_YOUR ASSIGNMENT_: From the first line to the last, copy the material exactly and leave the pictures out.

_AVAILABLE DATA_:
────────
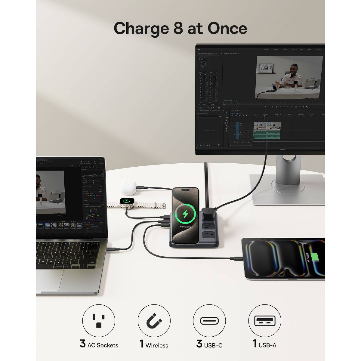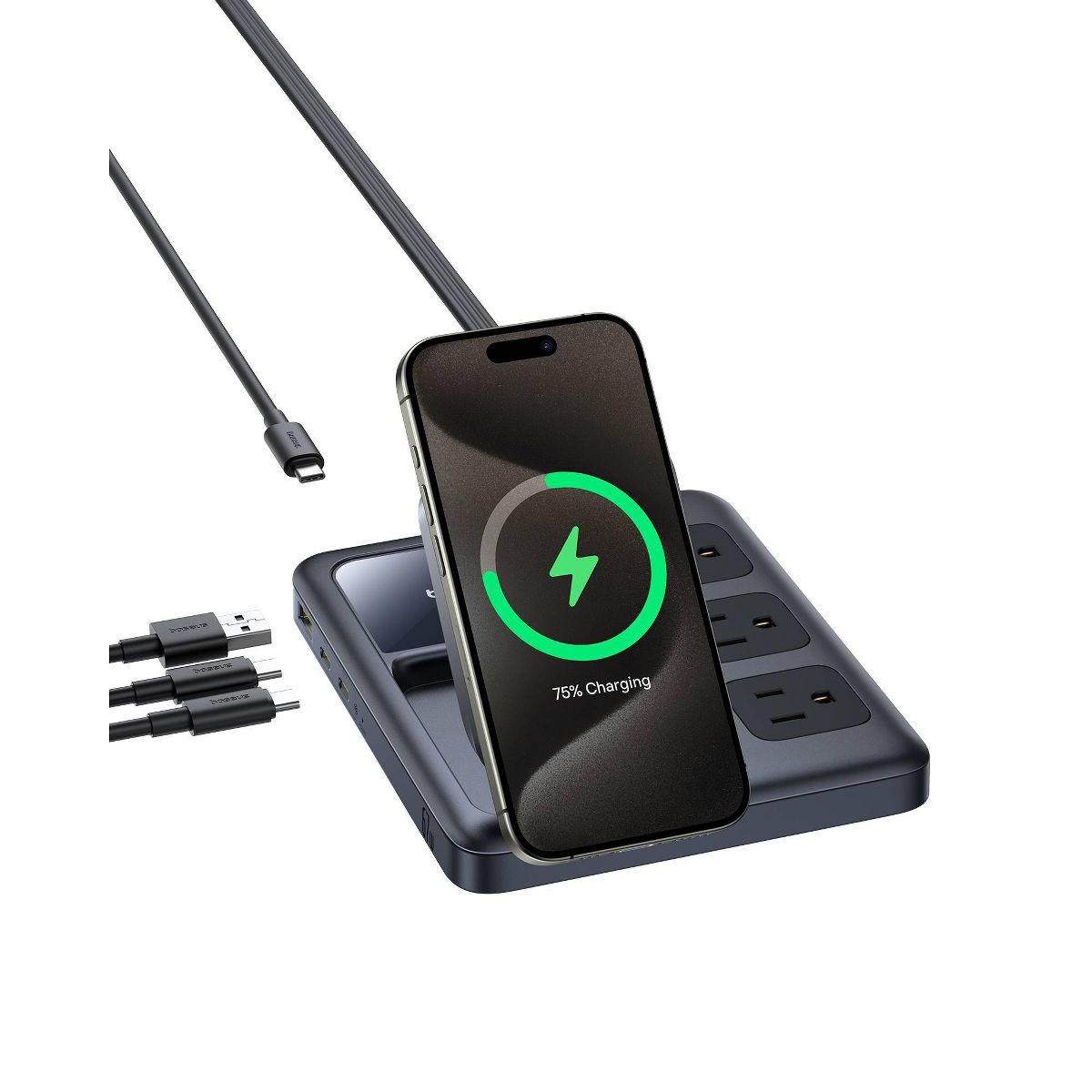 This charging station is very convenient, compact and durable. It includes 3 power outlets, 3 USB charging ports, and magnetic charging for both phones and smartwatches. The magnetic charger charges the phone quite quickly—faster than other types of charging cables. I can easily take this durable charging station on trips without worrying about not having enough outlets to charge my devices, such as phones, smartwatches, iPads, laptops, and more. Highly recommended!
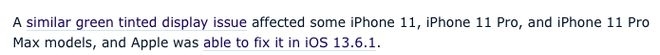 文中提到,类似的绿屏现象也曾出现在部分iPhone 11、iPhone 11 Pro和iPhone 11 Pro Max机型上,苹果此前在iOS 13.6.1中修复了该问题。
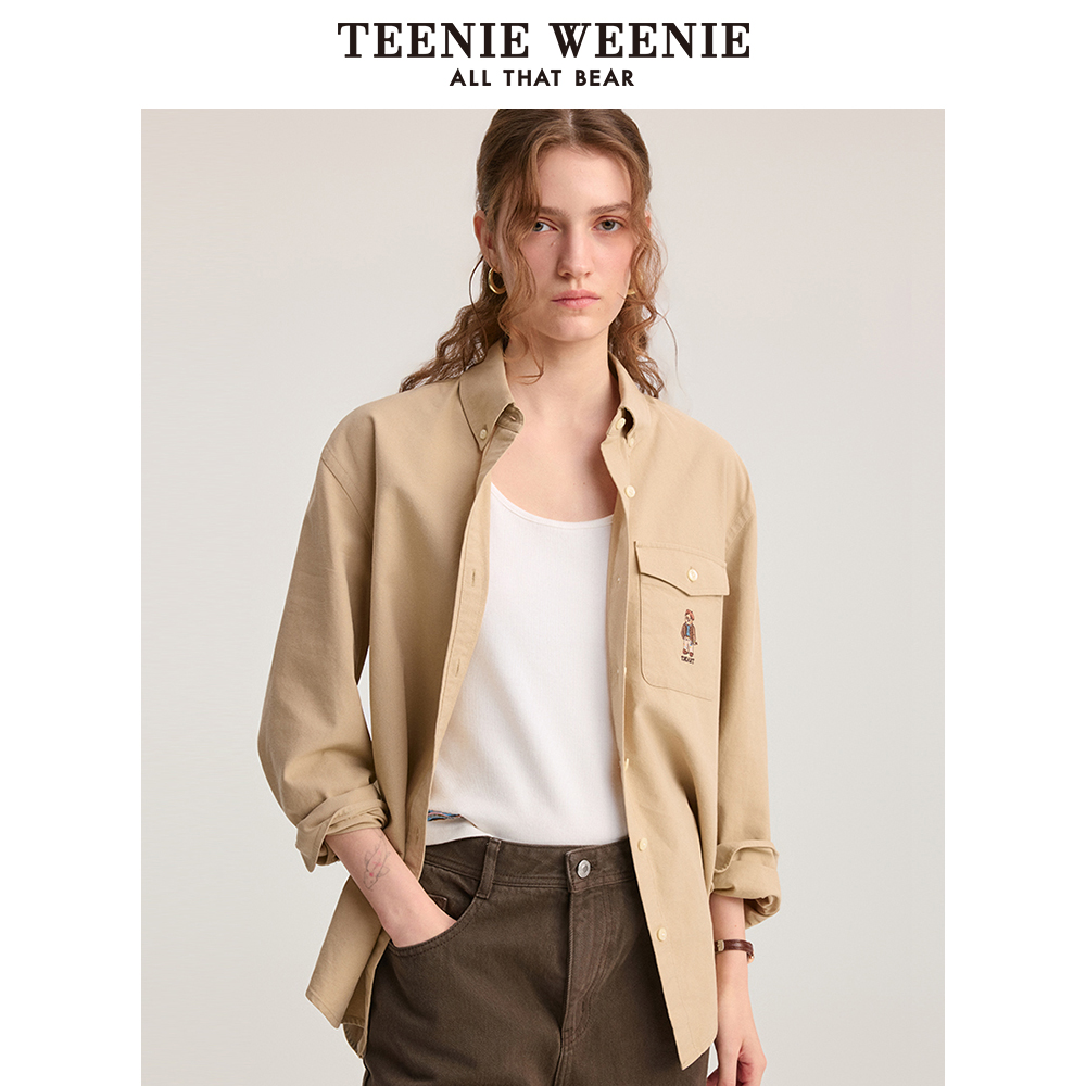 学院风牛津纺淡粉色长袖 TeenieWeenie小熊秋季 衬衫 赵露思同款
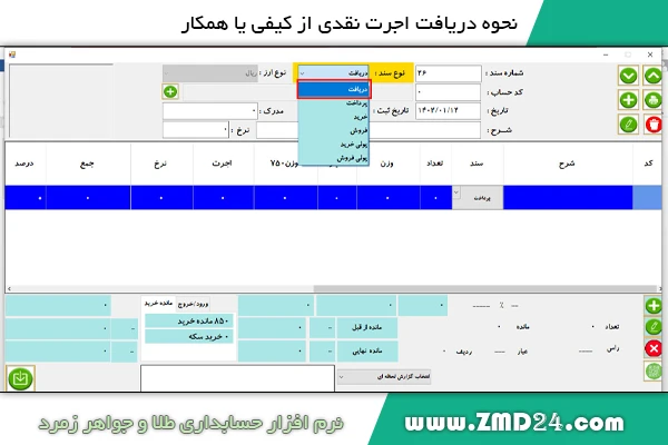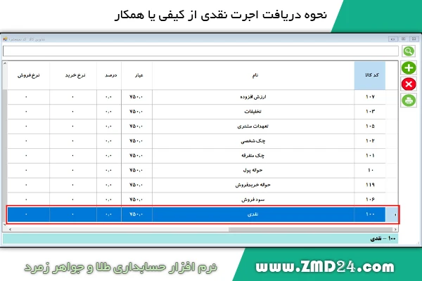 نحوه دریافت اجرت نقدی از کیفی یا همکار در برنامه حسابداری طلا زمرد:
────────
_ANSWER SECTION_:
 This charging station is very convenient, compact and durable. It includes 3 power outlets, 3 USB charging ports, and magnetic charging for both phones and smartwatches. The magnetic charger charges the phone quite quickly—faster than other types of charging cables. I can easily take this durable charging station on trips without worrying about not having enough outlets to charge my devices, such as phones, smartwatches, iPads, laptops, and more. Highly recommended!
 文中提到,类似的绿屏现象也曾出现在部分iPhone 11、iPhone 11 Pro和iPhone 11 Pro Max机型上,苹果此前在iOS 13.6.1中修复了该问题。
 学院风牛津纺淡粉色长袖 TeenieWeenie小熊秋季 衬衫 赵露思同款
 نحوه دریافت اجرت نقدی از کیفی یا همکار در برنامه حسابداری طلا زمرد:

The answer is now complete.